Displaced Writers? - Zum kulturellen Selbstverständnis Jiddischer DP-Schriftsteller in Deutschland, von Tamar Lewinsky.

Das Thema des Beitrags ordnet sich in den historischen Kontext der unmittelbaren Nachkriegsjahre ein, als in Deutschland für einige Jahre eine zeitweilige jiddischsprachige Gemeinschaft, die "She'erit Hapletah", entstand. Besonders auf sozialem und kulturellem Gebiet erbrachte die "She'erit Hapletah" erstaunliche Leistungen. Nach der Befreiung nahm die Presse eine zentrale Stellung im Leben der jüdischen DPs ein. So entstanden zwischen 1945-1950 rund 80 Zeitungen und Zeitschriften. Allen Zeitungen gemeinsam war die hohe Priorität, die sie literarischen Texten einräumte. Zusammen mit den rund 30 belletristischen Büchern, die zwischen 1947 und 1949 erschienen, bilden diese Texte eine reiche Quelle zur Erforschung jüdischer kultureller Aktivität im Nachkriegsdeutschland. In dem Beitrag soll die Bedeutung literarischer Produktivität für das Selbstverständnis der Schriftsteller und Journalisten der "She'erit Hapletah" im Allgemeinen und des Schriftstellerverbandes, der zwischen 1946 und 1949 mit Sitz in München existierte, im Besonderen diskutiert und unter den Aspekten von Abgrenzung und diachroner bzw. synchroner Integration in die "goldene keyt" - die goldene Kette jiddischer Literatur - die allmähliche Herausbildung einer Gruppenidentität beschrieben werden. Damit bildet dieser Beitrag eine Art Prolog zum Kapitel "Literatur, Kunst und Kultur", indem die Literatur einer Gruppe dargestellt wird, welche zwar die Auseinandersetzung mit Deutschland ablehnte, gleichzeitig aber durch ihre Territorialität geprägt war.

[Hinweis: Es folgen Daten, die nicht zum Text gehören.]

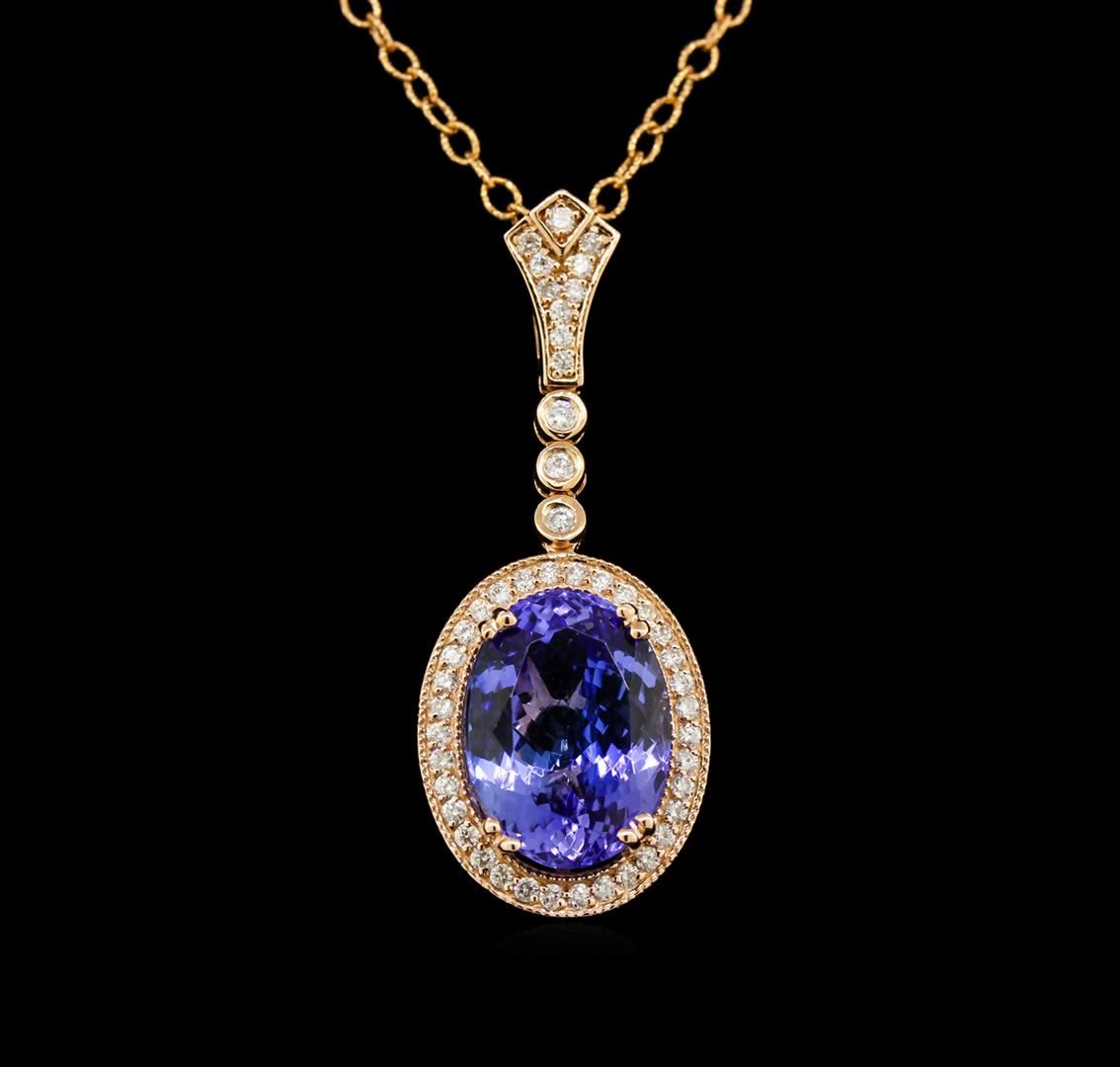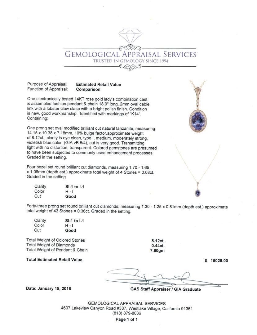 One electronically tested 14KT rose gold lady's combination cast & assembled fashion pendant & chain 18.0" long, 2mm oval cable link with a lobster claw clasp with a bright polish finish. Identified with markings of "K14". Condition is new, good workmanship. Containing: One prong set oval modified brilliant cut natural tanzanite, measuring 14.15 x 10.38 x 7.18mm, 10%. bulge factor, approximate weight of 8.12ct., clarity is eye clean, type I, medium, moderately strong, violetish blue color, (GIA vB 5/4), cut is very good. Transmitting light with no distortion, transparent. Colored gemstones are presumed to have been subjected to commonly used enhancement processes. Graded in the setting. Four bezel set round brilliant cut diamonds, measuring 1.70 - 1.65 x 1.06mm (depth est.) approximate total weight of 4 Stones = 0.08ct. Graded in the setting. Clarity: SI-1 to I-1. Color: H - I. Cut Good Forty-Three prong set round brilliant cut diamonds, measuring 1.30 - 1.25 x 0.81mm (depth est.) approximate total weight of 43 Stones = 0.36ct. Graded in the setting. Clarity: SI-1 to I-1. Color: H - I. Cut Good. Total Weight of Colored Stones 8.12ct. Total Weight of Diamonds 0.44ct. Total Weight of Pendant & Chain 7.60gm. GAS Appraised at $15,025.00.
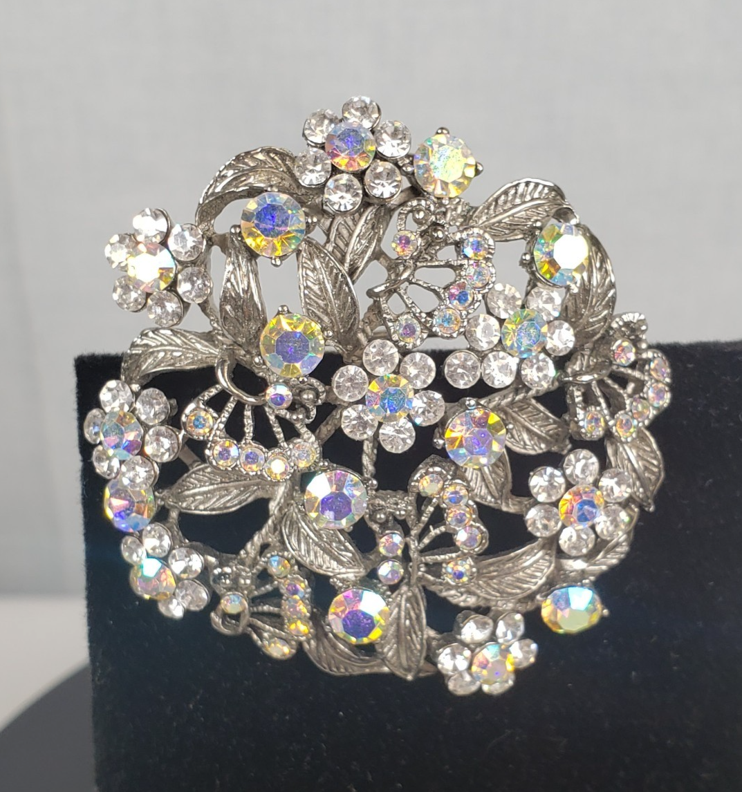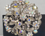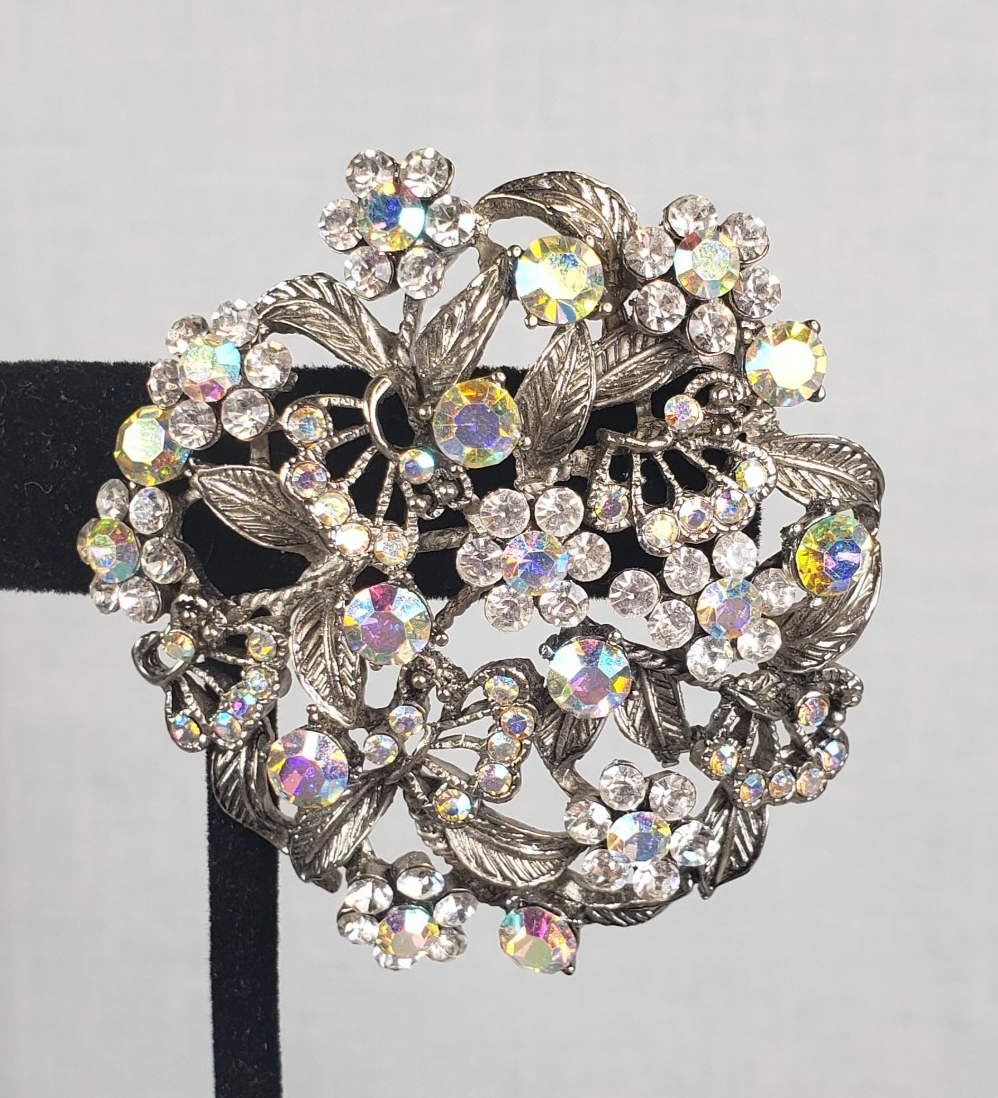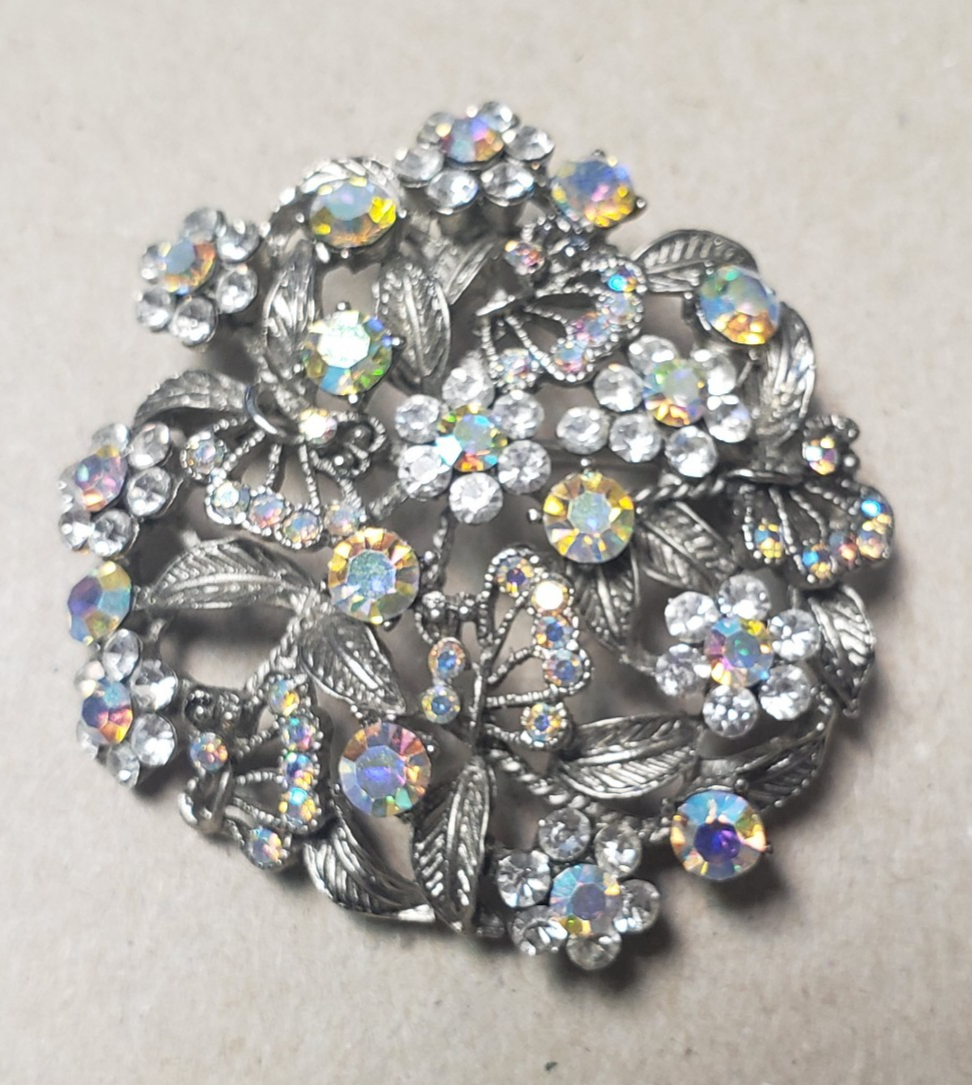 - Vintage 1950's Flower Filigree AB Crystal Rhinestone Silver Tone 2" Brooch

Tamar Lewinsky M.A. (München), Studium der Linguistik, Hebraistik, Jiddistik, Jüdischen Studien und Germanistik in Zürich, Jerusalem, Duisburg und Düsseldorf. Zur Zeit Lektorin für Jiddische Sprache am Lehrstuhl für Jüdische Geschichte und Kultur an der Ludwig-Maximilians-Universität in München.